The TRAILBLAZER-ALZ 2 LTE data showed that Kisunla’s benefit continued to grow over three years, with delayed-start patients still experiencing benefit but to a lesser degree. How clinically significant is this finding in reinforcing the value of early initiation of amyloid-lowering therapies?

Early Kisunla treatment reduced the risk of disease progression by 27% compared to delayed initiation. How should clinicians interpret this magnitude of risk reduction in real-world decision-making for early AD patients?

Over 75% of Kisunla-treated patients reached amyloid clearance within 76 weeks, with only slow plaque reaccumulation afterwards. Does this support the concept of limited-duration treatment with durable effects, and how might this contrast with chronic therapy approaches?

ARIA continues to be a concern with amyloid-targeting antibodies.
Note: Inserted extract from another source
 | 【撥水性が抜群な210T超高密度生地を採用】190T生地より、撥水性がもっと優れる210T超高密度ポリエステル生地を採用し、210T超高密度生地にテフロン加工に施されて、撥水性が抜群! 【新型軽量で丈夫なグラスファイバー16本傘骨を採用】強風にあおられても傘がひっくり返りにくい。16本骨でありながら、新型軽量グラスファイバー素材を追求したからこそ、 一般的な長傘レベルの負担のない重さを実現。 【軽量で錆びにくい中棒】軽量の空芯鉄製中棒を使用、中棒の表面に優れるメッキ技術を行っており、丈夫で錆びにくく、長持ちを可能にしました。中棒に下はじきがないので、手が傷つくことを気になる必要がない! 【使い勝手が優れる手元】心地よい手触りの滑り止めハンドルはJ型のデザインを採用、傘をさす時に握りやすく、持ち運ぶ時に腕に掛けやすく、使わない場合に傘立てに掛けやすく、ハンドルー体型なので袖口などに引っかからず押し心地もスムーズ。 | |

Kisunla’s LTE data reported no new safety signals. How does the field view ARIA risk today, and could new titration strategies or genetic screening (e.g., ApoE4 carriers) improve safety management?

Eisai and Biogen presented data showing weekly subcutaneous maintenance dosing of Leqembi maintained efficacy and biomarkers with fewer infusion reactions (<1% vs 26% with IV). How important is this shift toward SC delivery for patient adherence and healthcare system capacity?
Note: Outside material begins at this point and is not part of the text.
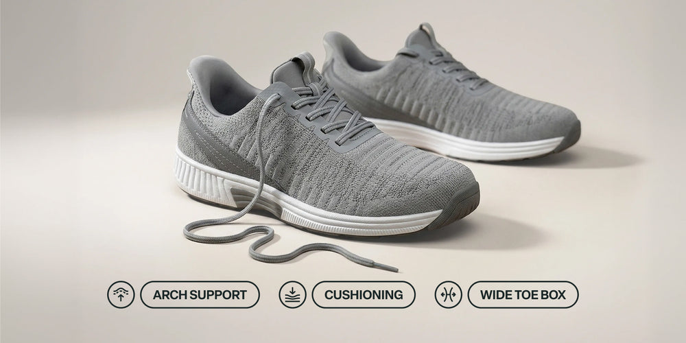 • Supportive Shoe Features: Look for strong arch support, stability, and motion control to maintain proper alignment.

With Kisunla pursuing a finite-duration dosing strategy and Leqembi developing a chronic SC maintenance option, how might these different approaches appeal to distinct patient populations or healthcare systems?

Given their different mechanisms—Kisunla primarily plaque clearance and Leqembi also targeting protofibrils—do you foresee combination or sequential use of these therapies, or will the market likely consolidate around one dominant approach?

Looking ahead, what are the most critical unanswered questions for amyloid-targeting therapies—durability of cognitive benefit, functional outcomes, or integration with tau-targeted or other emerging treatments?